Engraftment after HSCT is defined as an ANC greater than 0.5×10⁹/L on the first day of three consecutive days (5). Engraftment of these 3 patients occurred on the post-transplant days 17, 11, and 12, respectively. At 1-month post-transplantation, two of the patients’ peripheral blood genotypes were identical to that of the donors on short tandem repeat (STR) genotype analysis. Primary graft failure is characterized by the absence of initial donor cell engraftment (donor cells less than 95%) or peripheral blood ANC <0.5×10⁹/L by day +28 after allo-HSCT from peripheral blood or bone marrow progenitors in the absence of relapse. The engraftment rate was 100%, with no cases of primary graft failure (Table 1). Engraftment was seen after a median of 12 days (range, 11–17 days). However, the second patient experienced fatal infection complication of cytomegalovirus (CMV) viremia two and a half months after bone marrow transplantation. This patient eventually died from sepsis 3 months after transplantation. HSCT successfully transformed the two survived patients from transfusion-dependent to transfusion-independent status.

Patient survival

The first and the third patient received hematopoietic stem cell from matched or mismatched unrelated donors; they were still alive and under regular clinical follow-up when this analysis closed. However, the second patient died from CMV viremia 3 months after transplantation. She had been treated with ganciclovir after a plasma CMV viral load of 24,000 cp/mL was found on day +49. In combination with ganciclovir, CMV intravenous immunoglobulins were added on day +57. The antiviral treatment was shifted to Foscarnet due to her pancytopenia and CMV viremia progression on day +62 (with a CMV viral load of 202,000 cp/mL).
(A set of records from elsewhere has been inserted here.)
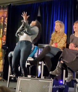 Ruth said her goal was not to sing on key at the SNS but to commune with all of us. She writes about her anxiety about singing and how the SPNFamily helped in her chapter of Family Don’t End With Blood.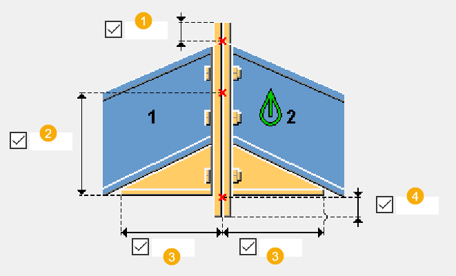 Hauteur épure jarret Distance verticale entre l'intersection de l'axe central de l'arbalétrier principal et la ligne verticale entre les platines, jusqu'à l'intersection des ailes inférieures des jarrets sur la même ligne verticale. |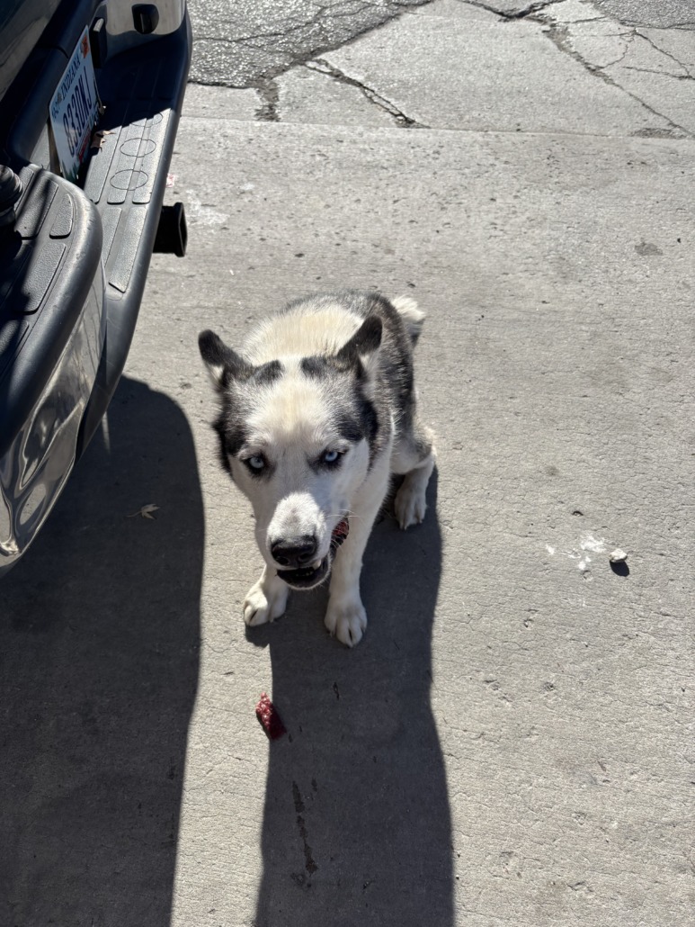 Appears to be a husky. No collar, looks to be very hungry and thirsty. Nails trimmed and teeth are clean. Very skinny and has not been bathed in a while. Very friendly, knows “sit” command and does well on a leash. Not aggressive with food.

Despite our treatment, she eventually died from sepsis on day +95. Overall survival is defined as the time period from day 0 of transplantation to death. Event-free survival is defined as the time period from day 0 of transplantation till any of the following events occurs: the recurrence of SAA, secondary graft failure, or death. The 18-month overall survival and event-free survival were both 66.7% among the 3 patients, and were 100%, if the second patient who underwent haplo-identical transplantation was excluded. The median survival was not reached.

Adverse events and graft-versus-host disease (GVHD)
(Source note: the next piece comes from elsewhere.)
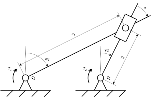 The block allows you to simulate mechanisms in which the fastening planes of the hinges C1 and C 2 are parallel or perpendicular (fastening to a vertical plane). The figure (Figure 1) shows a mechanism with a parallel arrangement of the hinge attachment planes. In case of arbitrary arrangement of the hinge attachment planes, this should be taken into account when determining the angle α.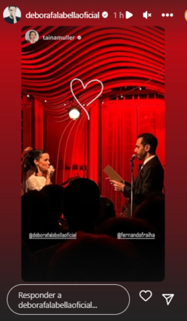 A atriz Andréia Horta (39), que é grande amiga de Débora, também postou registros da cerimônia, em que apareceu de outras amigas famosas, como Adriana Esteves, Mariana Ximenes e Bianca Comparato.

Standard scores for GVHD on a scale from grade 0 through grade 4 were used during the first 100 days after transplantation to diagnose acute GVHD (6), and thereafter, patients were evaluated for chronic GVHD, which was classified as absent, limited, or extensive (7).

Of the three patients, non-demonstrated grade 2 or worse radiation adverse events occurred. Table 2 listed the adverse events of these 3 patients. Aside from the side effects caused by the regimens used in transplantation, all of the patients experienced acute GVHD of variable severity. The first patient experienced stage 1 gastrointestinal tract involvement; the second patient suffered from stage 3 skin involvement; the third patient demonstrated stage 2 skin erythema. No one experienced acute grade 3 or worse GVHD. Although the GVHD were well-controlled by cyclosporine and methotrexate, the first patient eventually developed cyclosporine-related acute renal injury. None of these patients experienced chronic GVHD.

Dose-volume distribution

Table 3 shows the dose-volume distribution characteristics using tomotherapy and the dose-volume differences from tomotherapy-based plans to conventional 2D plans. Tomotherapy provided a better treatment target coverage with a median absolute increase by 9.76% of PTV coverage (an average 10% higher than 2D plans), while reducing the global maximum dose. Tomotherapy yielded better homogeneity of dose distribution and omitted the dose uncertainty caused by the field junctions of the mantle and the inverted Y fields. As the organs of interest, tomotherapy demonstrated reduced or similar maximal point dose. Furthermore, it reduced the volume of the medium to low dose exposure. The decreased percentage volume of 5 Gy (V5) of tomotherapy-based plans reflected this effect, especially for the organs near the treatment targets, like lung, heart, liver, stomach, kidneys, and skin. There was a median absolute reduction of 17.19% in the volume of the total body exposed to 5 Gy or more (V5) by using tomotherapy (an average 35% lower than 2D plans) (Table 3 and Figure 3), which perhaps could transfer to lower secondary malignancy rate in the future. Figure 3 illustrates the isodose distribution of tomotherapy-based and 2D plans respectively. Tomotherapy not only reduced the high dose area (such as the volume of ≥105% prescribed dose) but also eliminated the uncertain dose distribution caused by field junctions.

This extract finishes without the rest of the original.